Walzer no se ha unido a ese club de abstracciones. A la lógica de la geometría ha opuesto una interpretación de la cultura, una lectura de la historia. Respeta la fuga de la abstracción y discute constantemente con el gremio filosófico, pero lo hace desde otro sitio y con otras herramientas. No comparte esa necesidad que el filósofo tiene de apartarse, ese afán por elevarse y dejar las limitaciones de la circunstancia. Por el contrario, está convencido de que, cuando el filósofo habla de los asuntos públicos, tiene el deber de clavarse en la realidad del mundo, de su mundo. Walzer no se ha trepado al globo de los filósofos. Ha ejercido como crítico. Reivindica para sí una tradición antigua y venerable que no empieza con Sócrates, sino que es tan antigua como la sociedad misma y que incluye a novelistas y dramaturgos, a ensayistas e historiadores. Es la tradición que nace con la queja: inconformidad hecha pública. El crítico es un especialista en la queja. A través de la sátira, de la polémica, de la denuncia rechaza la fatalidad de lo existente. El crítico describe lo que está mal en el mundo y bosqueja un remedio no con lo que inventa sino por aquello de lo que se alimenta. El crítico no huye a la montaña más alta para descubrir principios morales intemporales, trata de orientarse por su propia experiencia. Walzer ha distinguido tres caminos para hacer filosofía moral: el descubrimiento, la invención y la interpretación. La ruta del descubrimiento tiene buenos ejemplos en la historia de la religión. El bien se descubre como una creación de la que somos ajenos. Nuestra tarea es descubrir el código inscrito en nuestra propia naturaleza. La segunda ruta es la invención: la naturaleza no nos provee de casa (moral), toca a la inteligencia humana imaginarla. Diseñar una habitación en donde todos puedan dormir tranquilos. Finalmente, puede trazarse el rumbo de la convivencia a través de la interpretación. El intérprete no busca claves en la verdad revelada ni en la fantasía moral: se toma en serio los hábitos de su propia sociedad y, en nombre de ellos, cuestiona prácticas y decisiones.

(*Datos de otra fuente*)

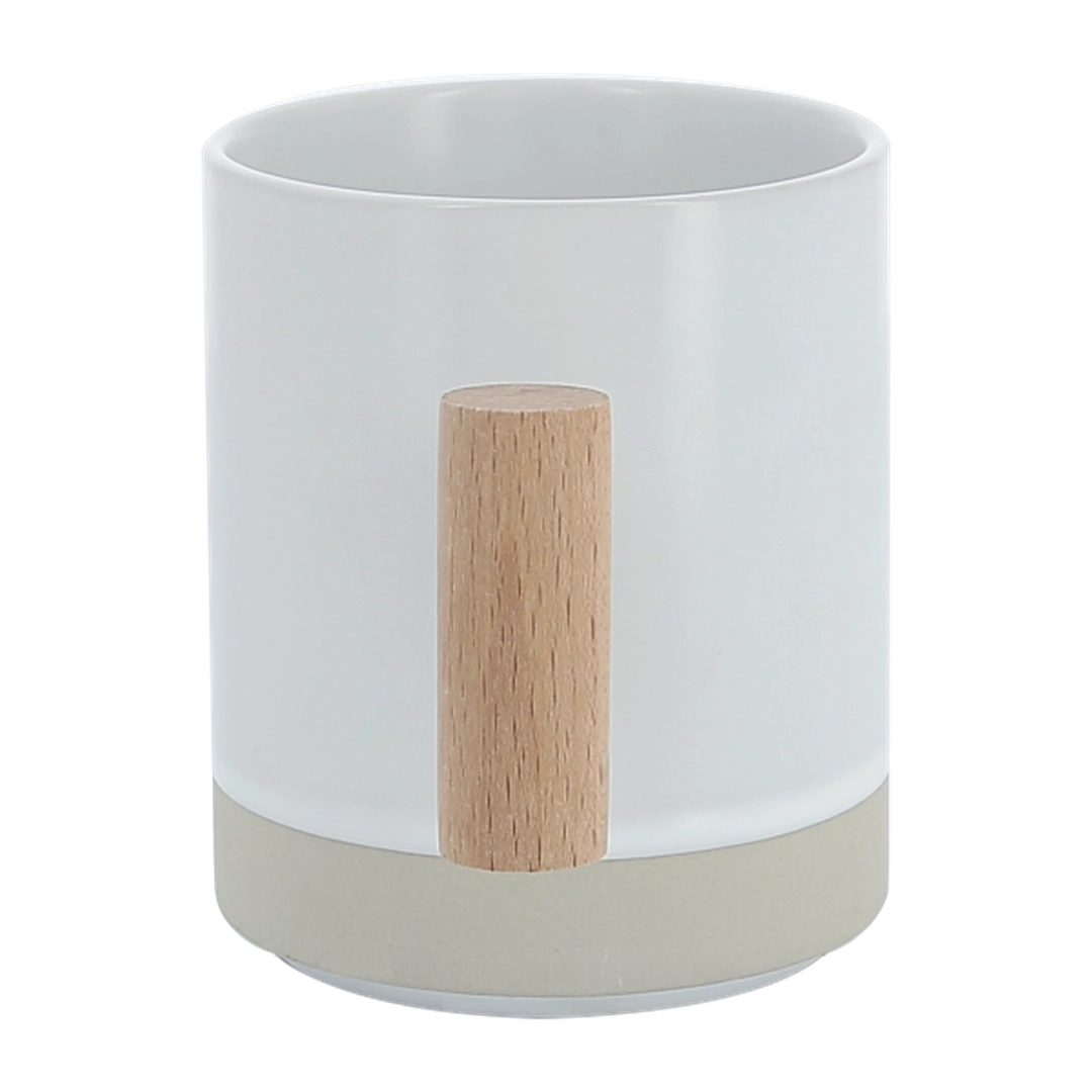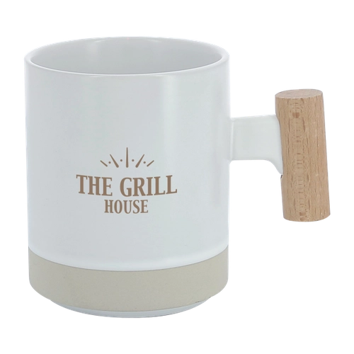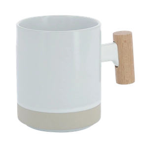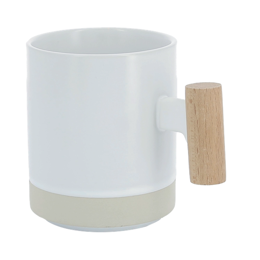 Mug céramique 330 ml avec bande de grès et poignée en bois

Buscándole significado a la costumbre, Walzer, como los conservadores, encuentra, más que rutinas, norma. Los hábitos adquieren la dignidad de lo justo. En Esferas de la justicia, su libro más importante, desarrolla una noción de justicia que sirve a una igualdad compleja. La justicia no puede ser simplemente la distribución de un bien supremo. Los distintos bienes que una sociedad aprecia, están gobernados por principios distintos. Cada recurso tiene su propio régimen, pertenece a su propia “esfera.” No se pueden distribuir los bienes con justicia, a menos de que entendamos lo que esos bienes significan en una comunidad; qué papel juegan en la convivencia, cómo surgen, de qué modo son valorados. Y no hay manera de comprender la importancia de esos bienes, a menos de que seamos capaces de descifrar su significado social.